Orphu Meets Zeus

Anyone who has spent a month of Sundays digging away at Eve Online just so that they can shoot pirates at the weekend, might like this one.

Seems the US government want to open up the rights to mine asteroids. While those outside of North America may call for an international agreement – much in the same way that Antarctica is protected by a treaty of nation states – the idea of sending probes to seek mineral wealth away from the Earth is intriguing.

Numerous companies have been speculating about the logistics of what such a mining operation would entail. Back in 2013, Astronaut published an article about how the solar systemic race for resources was shaping up. Among the possible solutions Deep Space Industries’ concept of a self-replicating fleet of prospectors caused the biggest stir among Sci-Fi fans. Partially because it offers a neat solution to the expense of repeated rocket launches from Earth, but also for the similarity to Dan Simmons’ Moravecs from Ilium and Olympos (Francois Baranger’s interpretation of Orphu of Io above). Add to the evocative mix the recent hi-res imagery from NASA’s Dawn probe as it flew past Ceres – the largest of the solar system’s planetoids – and suddenly there seems to be more science to the proposals than fiction.
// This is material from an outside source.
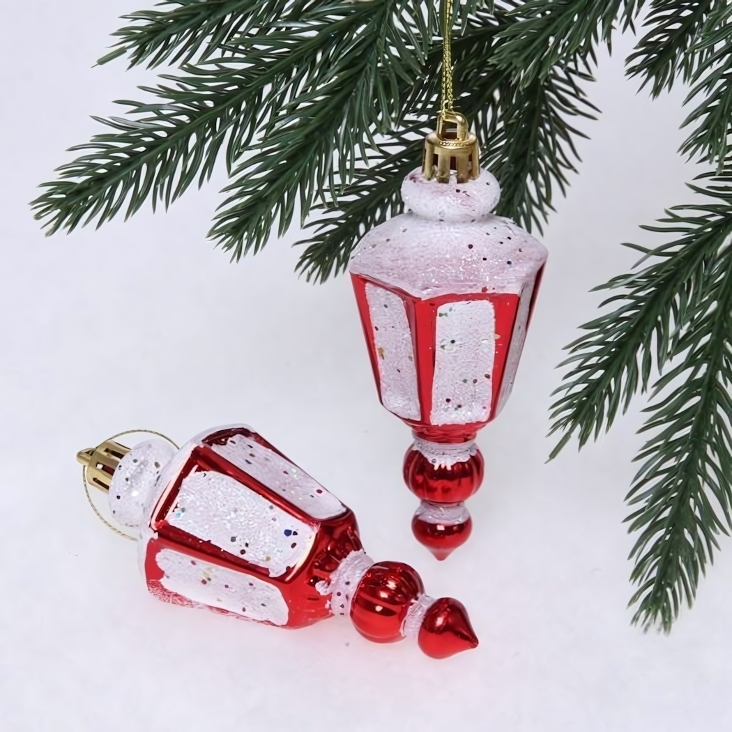 Создайте атмосферу волшебства с помощью двух стильных фонарных игрушек, которые своими блестящими гранями и насыщенным красным оттенком мгновенно привлекут внимание гостей и подарят ощущение праздника уже с первой минуты.

Personally, it’s been over a decade since I wrote my own take on what the future might hold for mining among the stars. In Dusted, the approach was to employ genetically altered humans on long tours of duty in the asteroid belt. Throwing in some extraterrestrial interest – which was inspired by this scene from Empire Strikes Back – the story also called into question whether life could evolve on a smaller landmass within a hard vacuum. A flight of fancy possibly, but the mystery behind the bright spots recorded on Ceres’ surface proves that humanity always has more to learn the further it gets from home.

As well as discovery, there’s the added bonus that this new ‘gold rush’ to the final frontier might also ensure the survival of our species. Not just by protecting our home planet from environmental depletion, but also by reducing our dinosaur-like vulnerability while we remain confined to Earth.